Output the data below exactly as it is, dropping the pictures from your copy.

Dataset section >>
========================================================================

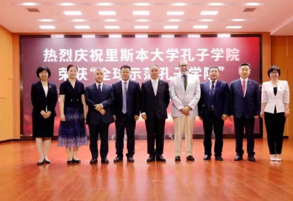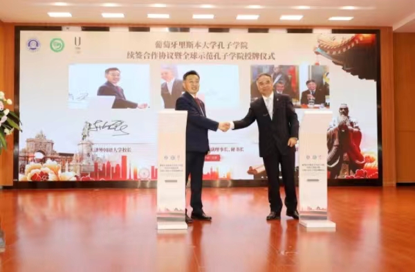 6月13日下午,葡萄牙里斯本大学孔子学院续签合作协议暨“全球示范孔子学院”授牌仪式通过线上线下相结合的形式隆重举行。葡萄牙驻华大使保罗·纳西门托,中国驻葡萄牙大使赵本堂,中国国际中文教育基金会副理事长、秘书长赵灵山,里斯本大学校长路易斯·费雷拉,天津市人民政府外事办公室副主任、一级巡视员赵剑岭,天津市委教育工委副书记刘怡蔓,米兰网页版登录入口党委书记周红蕾、校长陈法春在会上分别致辞。米兰网页版登录入口副校长李迎迎、相关部门负责人、海外孔子学院及专业师生代表参会。会议由周红蕾主持。
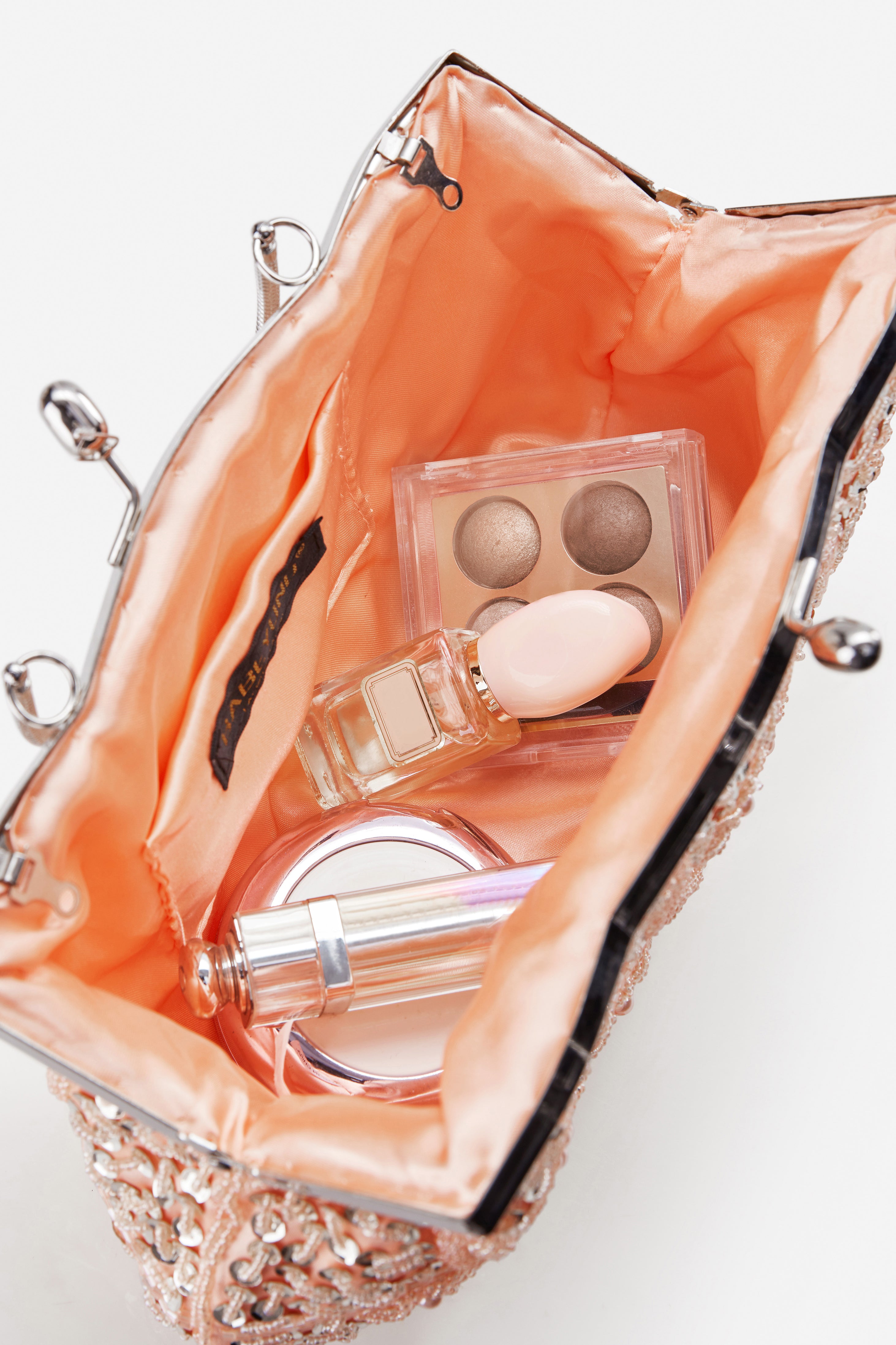 This regal and elegant clutch is completely wrapped in party-ready embellished beads detailing, which sets the stage for a Roaring 20s party.
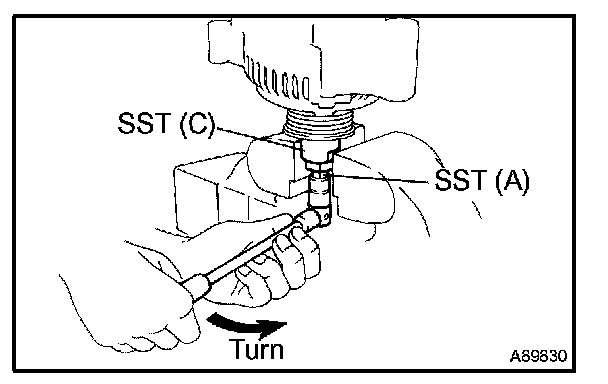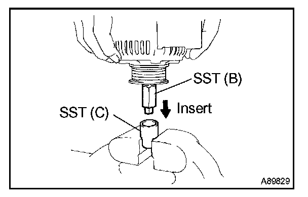 e. Insert SST (B) into SST (C), and attach the pulley nut to SST (C).

========================================================================

Solution to the exercise >>
 6月13日下午,葡萄牙里斯本大学孔子学院续签合作协议暨“全球示范孔子学院”授牌仪式通过线上线下相结合的形式隆重举行。葡萄牙驻华大使保罗·纳西门托,中国驻葡萄牙大使赵本堂,中国国际中文教育基金会副理事长、秘书长赵灵山,里斯本大学校长路易斯·费雷拉,天津市人民政府外事办公室副主任、一级巡视员赵剑岭,天津市委教育工委副书记刘怡蔓,米兰网页版登录入口党委书记周红蕾、校长陈法春在会上分别致辞。米兰网页版登录入口副校长李迎迎、相关部门负责人、海外孔子学院及专业师生代表参会。会议由周红蕾主持。
 This regal and elegant clutch is completely wrapped in party-ready embellished beads detailing, which sets the stage for a Roaring 20s party.
 e. Insert SST (B) into SST (C), and attach the pulley nut to SST (C).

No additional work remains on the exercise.